The hidden failure mode: QAFT recovers the task you trained on. It doesn't preserve the tasks you didn't. BF16 and FP8 preserve much of the generation quality; INT4 saves more memory but hurts performance without specialized training.

Takeaway 3 — Synthetic data helps, but a stronger teacher is not always better

The original sonnet dataset is tiny. To expand it, we prompt Gemini 2.5 Flash Lite, Flash, and Pro to generate up to 1,000 Shakespearean sonnets, then use those synthetic samples for distillation-style fine-tuning. The results are the paper's most interesting finding: quality, cost, and student capacity interact in a non-obvious way.

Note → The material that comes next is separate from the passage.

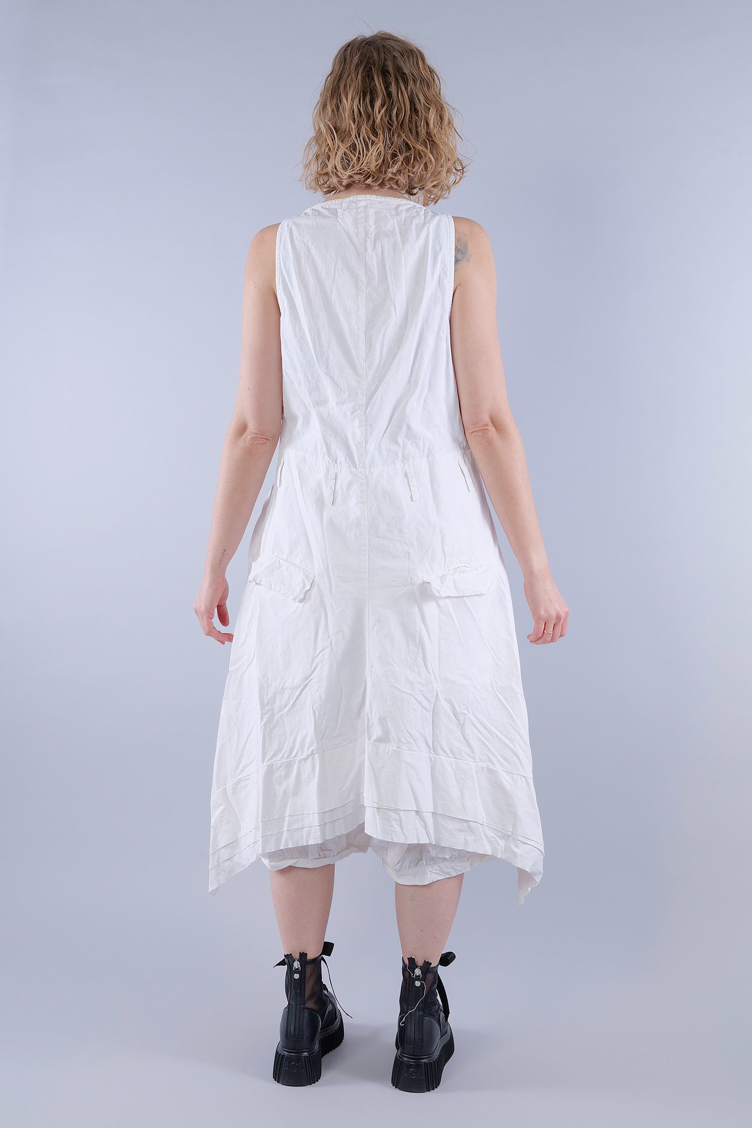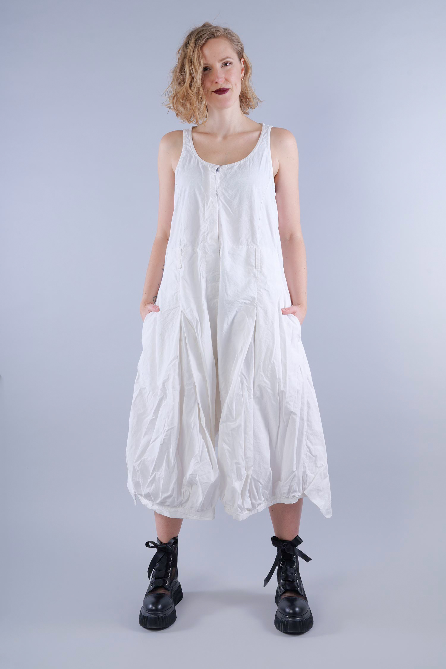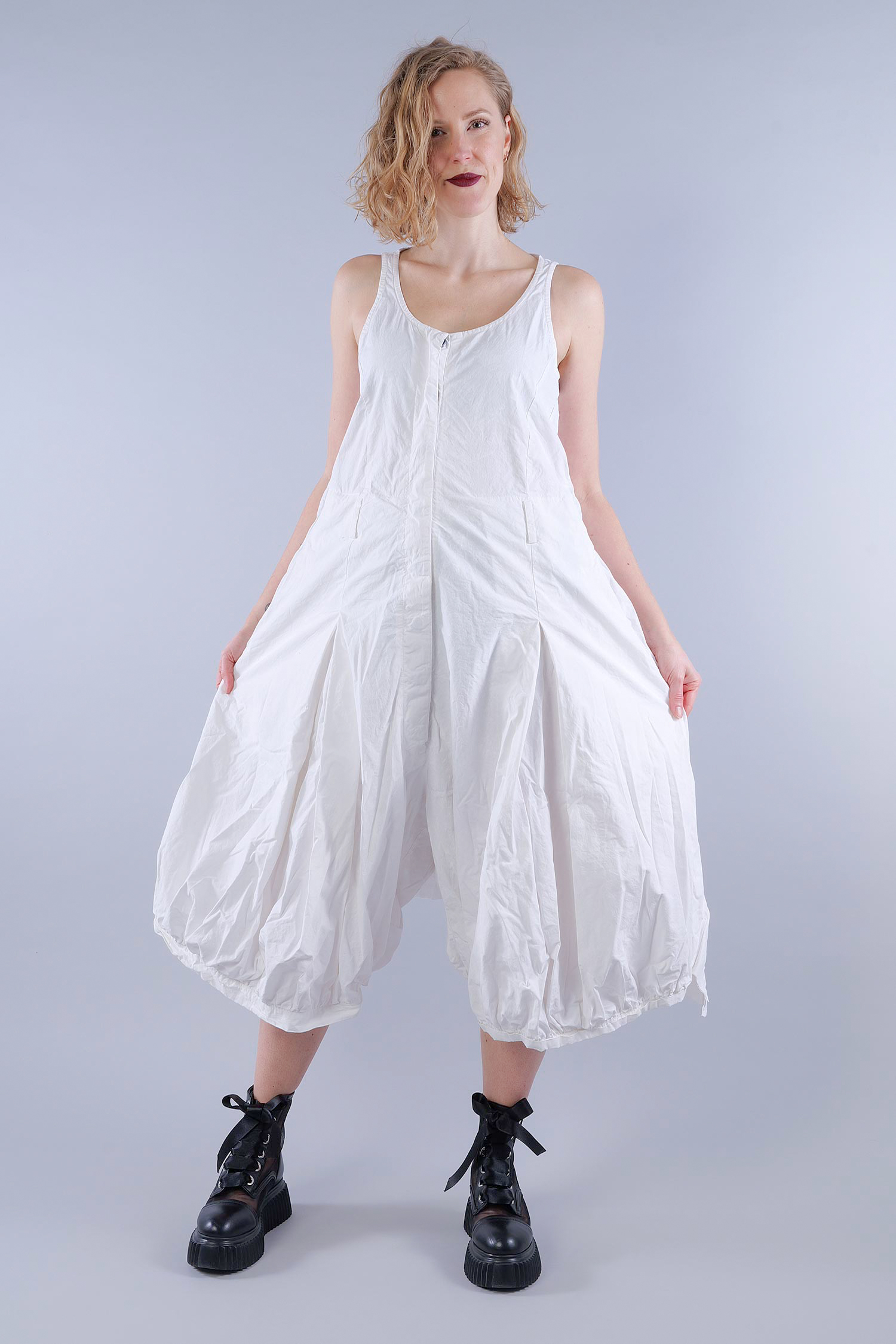 Details: - Schmale Träger - Verdeckte Knopfleiste - Kellerfalten - Gürtelschlaufen - Zum Teil offene Kanten - Sehr weites tulpiges Bein - Eingrifftaschen seitlich - Pattentaschen hinten - Hinten doppellagig, sehr dekorativ

Gemini 2.5 Flash gives the strongest GPT-2 gains, while Gemini 2.5 Pro generates structurally strong sonnets but does not transfer best to the small student. A more capable teacher can still be a worse fit.

Synthetic sonnet data quality versus scale for Gemini 2.5 models
Flash is the best cost-performance point for GPT-2 in this setup; Pro improves structure but appears harder for the small student to distill.
Teacher Perfect sonnet rate Takeaway
Gemini 2.5 Flash Lite 56% Cheapest, but low enough quality that more data can hurt
Gemini 2.5 Flash 72% Best downstream fit for GPT-2 Small
Gemini 2.5 Pro 75% Most structurally valid, but not the best student result
Best synthetic results.
Best dev chrF: 46.605. Best test chrF: 52.838 (12-sonnet test set). Up from 41.078 at full fine-tuning baseline.